Last weekend, the association hosted humanists from across the region for a conference in the capital Accra, where attendees listened as speakers discussed the impact humanists could make on West African society. Lecturers talked about how humanists can stand up for gay and lesbian rights and against traditional practices like witch hunts. One talk dealt with whether humanism is compatible with belief in God.
“The humanist movement isn’t really about converting anybody or forcing anyone to think a certain way,” says Monika Mould, a member of the group. “It’s just about giving people a way to say, ‘I can make my own decisions and I can think my own thoughts.’”
“We live in a country where unlike the western world, even financial institutions open business daily with prayer. Parliament opens daily with prayer,” Mr. [Kwabena] Asamoah-Gyadu says. “If you are a humanist and you are in such a society, it’s very difficult.”
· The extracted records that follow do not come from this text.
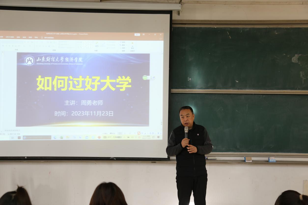 (通讯员:燕丽� 董欣怡)为帮助我院新生树立职业生涯规划意识,进一步了解考研、就业形势,明确未来发展目标,制定职业发展规划,11�23日,经济学院于圣井校区一号教学楼130举办“如何过好大学”职业生涯规划讲座。本次讲座邀全国著名考研指导专家,清华、北大、山大创业导师,大学生职业规划专家周勇主讲。经济学�2023级全体新生到场参加�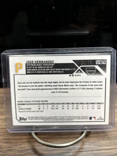 MLB Category Pittsburgh Pirates MLB Sports Trading Cards will be listed in this collection all the top Players present day and all of the HOF Players from different eras. We stock Topps ,Topps Heritage ,Topps Archives, Topps Gallery, Topps Tribute, Topps Chrome , Topps Chrome Cosmic, Bowmans Best , Bowman Platinum ,Bowman, Bowman Draft, Bowman Draft Chrome, Bowman Chrome Prospects, Panini Select, Panini Prizm, Donruss, Donruss Optic, Upper Deck, Fleer, Fleer Ultra, Score and Many more. You will also find Autographed Cards, Relics, Serial Numbered Cards such as 1/1 ,5,/10,/25,/50,/99,/150,/199,/250,/299,/499. And if you are looking for type of parallel color parallel we have the whole rainbow of selection.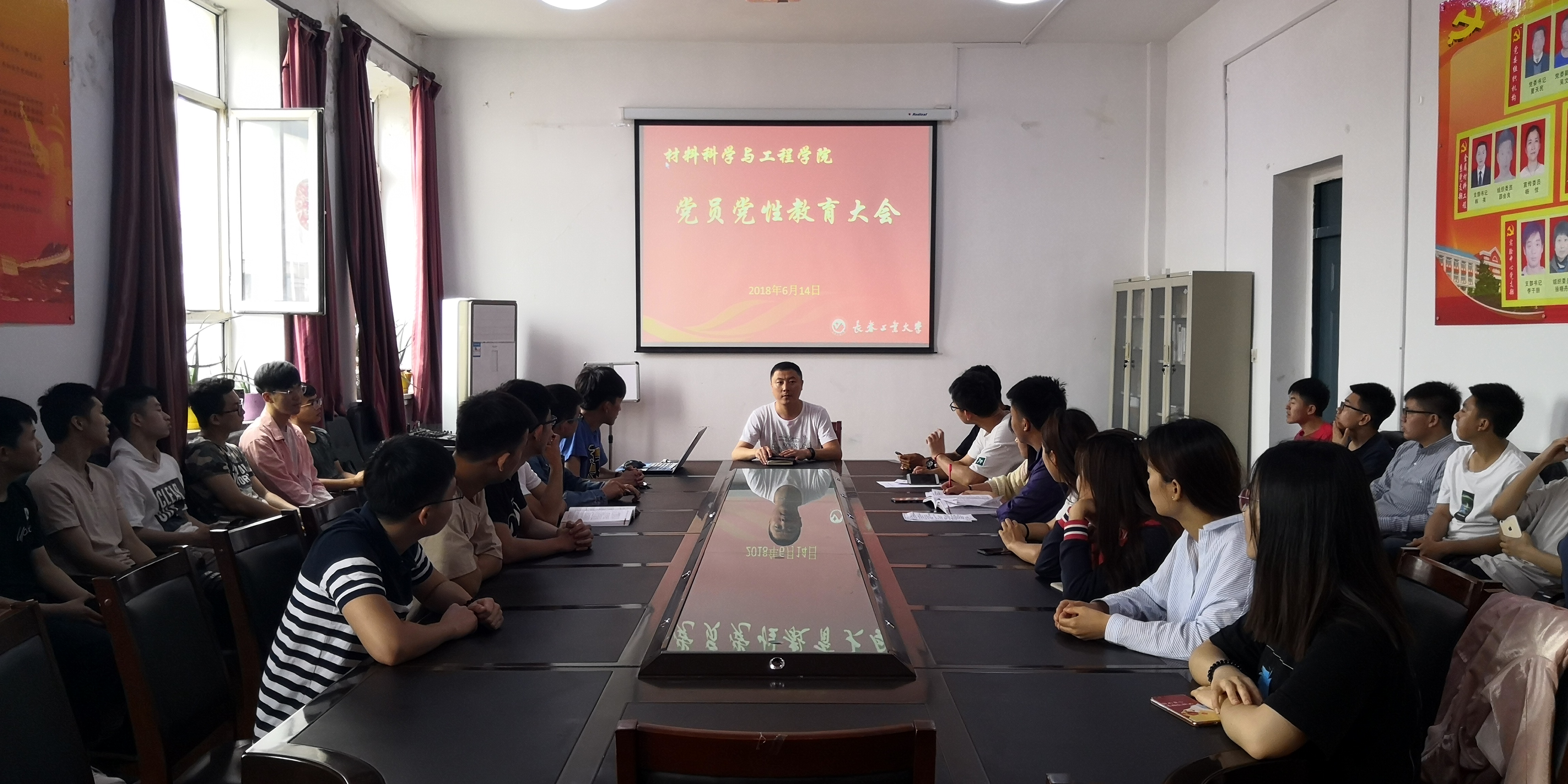 新媒体(通讯员 刘昭希)2018年6月14日,在EMC易倍五楼会议室召开了2015级党员党性教育大会,由邹绍岩主持,2015级全体党员、预备党员、积极分子参加会议。
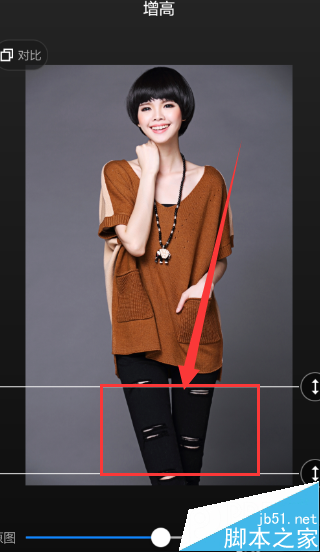 6、看到默认增高的位置不合适,接下来我们就移动增高位置,移动到腿的位置,点击下面的增高按钮之后,我们看到我们美女的腿长了。

Though Ghana has recently posted impressive growth rates based on exports of cocoa, gold, and oil, much of the country is still impoverished and underdeveloped.
“We pray for everything, and if there’s a god out there that’s listening to us, we should be the most developed,” [Amanor] Apenkro says. “The people who don’t pray at all, or pray the least… seem to be far ahead of us.”
Sometimes, you just need to plant that seed. It starts with a small group of rational thinkers and it spreads from there.